The upshot of that is: When the time comes for you to incorporate upstream changes, it should be conscious activity. It’s important to understand all of the changes that have been made on the trunk since your branch diverged from it. Even if your changes still compile, they may no longer be correct with respect to how the codebase has moved on.

How to avoid GIT pull

As an alternative to using git pull, you could apply the following workflow:

  1. Start by performing a git fetch to work with the latest from the remote
  2. Then, inspect where your (local) branch is at c.f. the remote branch.
  • Your local branch is behind the remote? 👉 Perform a fast-forward merge
  • Your local branch is ahead of the remote? 👉 No action needed 🎉
  • Your local branch has diverged from the remote? 👉 Perform an interactive rebase

Yes, there is an option to tell GIT to perform a rebase when pulling. I suggest that you do not use it.
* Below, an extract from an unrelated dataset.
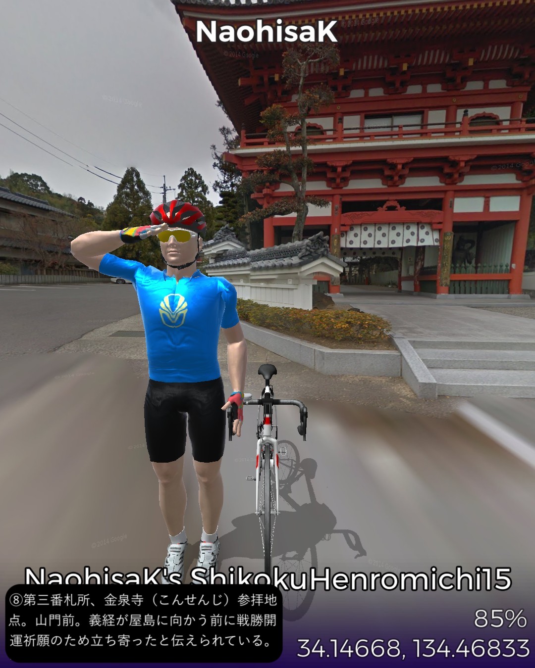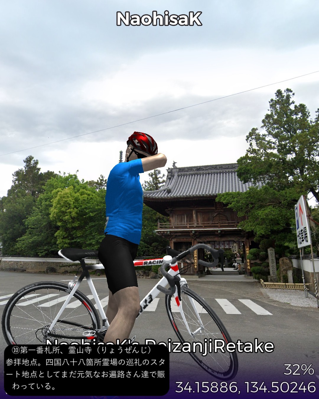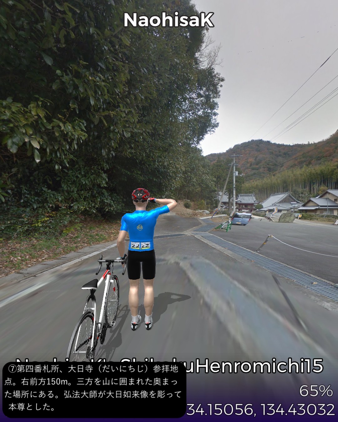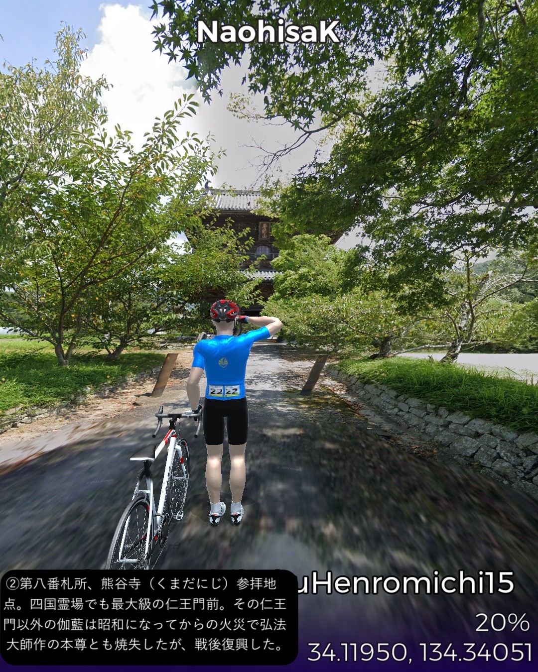 VRサイクリング、四国遍路道15日目。徳島県阿波市第十番札所、切幡寺を出発して、吉野川の北側の丘陵地帯を東へ進み、27kmの行程に9寺の霊場を巡り、第一番札所、霊山寺に至るルート。何とも参拝参拝で忙しい回となった。これで四国に入って第四十三番札所明石寺を皮切りに途中から逆順という不適当な巡礼を進めてきたが、前半は霊場から霊場が離れていてなかなか進まなかったが、徳島県に入ってからはあっという間に進んだ。それにしても一般のお遍路さんは今日のルートを逆に進んで長旅の始まりとなるわけだが、第十一番札所まではほぼ平地の遍路道でどんどん霊場を進めて行けるが、その後が大変なんですよ、とついそこら辺を歩いているお遍路さんに言いたくなる。まあそんなことは百も承知で準備しているのでしょうが。とは言え、私もようやく巡礼の半分が終わったところで、次は結構近くにある通常の巡礼の最終地、第八十八番札所へワープしてそこからまた逆順の巡礼を続ける予定である。

What is an interactive rebase?

Recall from the previous section that commits

  • Represent a set of changes to apply (like a patch)
  • Are immutable

Conceptually, a rebase takes a sequence of commits and “lifts and shifts” them so that they start from a different point (commit). In reality, git creates new commits that apply the same patch as the old commits did.

By default, rebases are unattended - git goes and creates the new commits without any intervention with you. When you perform an interactive rebase, git shows you each of your new commits as they being made and gives you an opportunity to edit each commit.

Actually, interactive rebases can do more than “lift-and-shift” commits - when you perform an interactive rebase, you’re given the opportunity to

  • Edit each commit (perhaps you missed making the change in one spot)
  • Skip (omit) the commit (perhaps the commit contained temporary-only changes that you don’t want to keep)
  • Reorder the commits (perhaps you realised that the commit adding the new database table should come before the commit containing code that uses the new table)
  • Combine the commits (perhaps it took you a few goes to get something working)
  • Splice in a new commit

Whilst lifting-and-shifting is the common use-case, you can actually rebase using the same commit as the starting point. This is extremely powerful - it allows you to “reauthor” a sequence of commits taking advantage of the powerful operations listed above.

As an aside, the interactive rebase in TortoiseGit is particularly easy to use.

Incorporating changes from the trunk (master)

If it becomes necessary to incorporate changes from the trunk (master) into your feature branch, the classic approach is to ask git to merge the trunk branch into the feature branch.

Instead of doing that, I advocate _rebasing the feature branch onto the trunk. _That is to say, “lifting and shifting” the feature branch commits so that they start from where the trunk “left off”.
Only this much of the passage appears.